YOUR GOAL: Set down the whole listing below exactly, without pictures.

PROVIDED MATERIAL:
* * * *

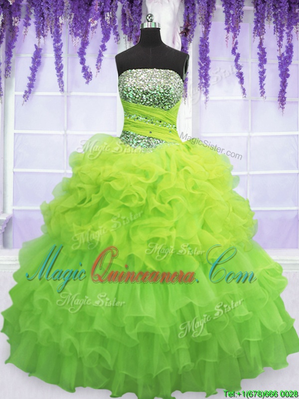 Pick Ups Ruffled Yellow Green Sleeveless Organza Lace Up Quinceanera Gowns for Military Ball and Sweet 16 and Quinceanera
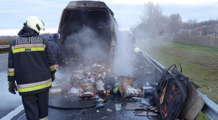 Auf der Autobahn M5 bei Kecskemét ist am Morgen Food-Truck Transporter komplett ausgebrannt. Der Transporter war auf dem weg von Rumänien nach Deutschland. Verletzt wurde glücklicherweise niemand. Die Feuerwehr löschte das Wrack ab und sperrte die Autobahn ab während der Löscharbeiten. der Transporter brannte komplett aus.
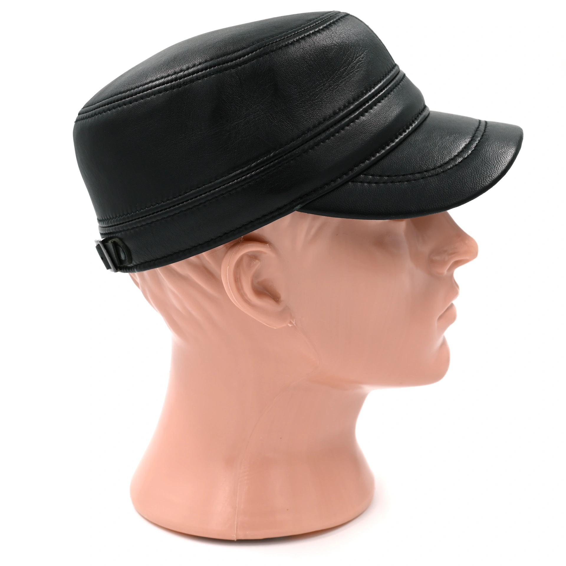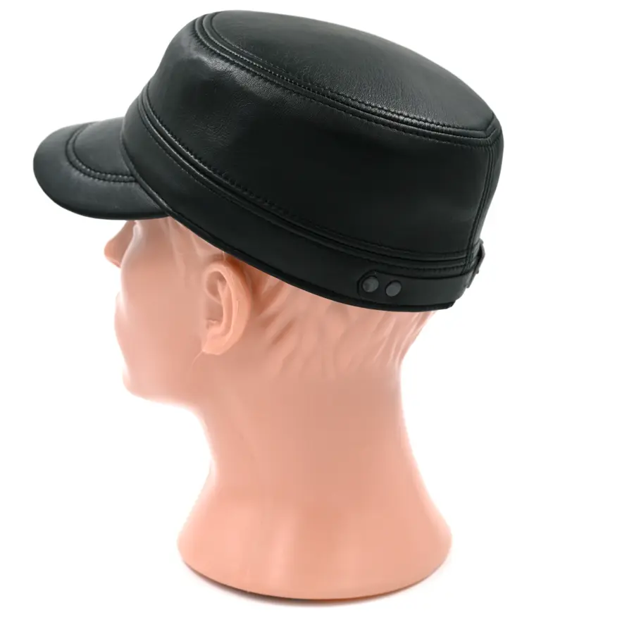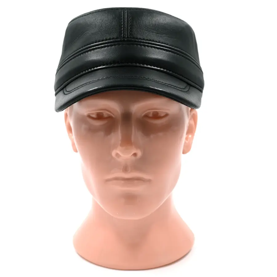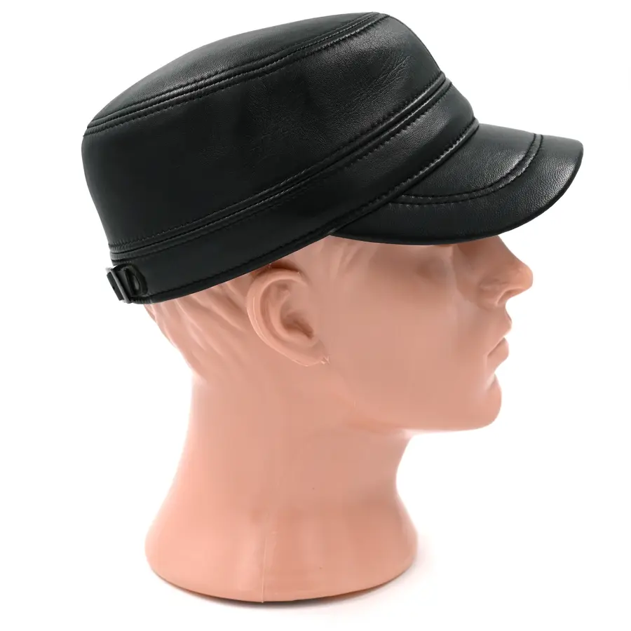 Кепка "немка" кожаная черного цвета. Сделана из натуральной овечьей кожи. Подкладка имеется.

* * * *

SOLUTION FOR THIS EXERCISE:
 Pick Ups Ruffled Yellow Green Sleeveless Organza Lace Up Quinceanera Gowns for Military Ball and Sweet 16 and Quinceanera
 Auf der Autobahn M5 bei Kecskemét ist am Morgen Food-Truck Transporter komplett ausgebrannt. Der Transporter war auf dem weg von Rumänien nach Deutschland. Verletzt wurde glücklicherweise niemand. Die Feuerwehr löschte das Wrack ab und sperrte die Autobahn ab während der Löscharbeiten. der Transporter brannte komplett aus.
 Кепка "немка" кожаная черного цвета. Сделана из натуральной овечьей кожи. Подкладка имеется.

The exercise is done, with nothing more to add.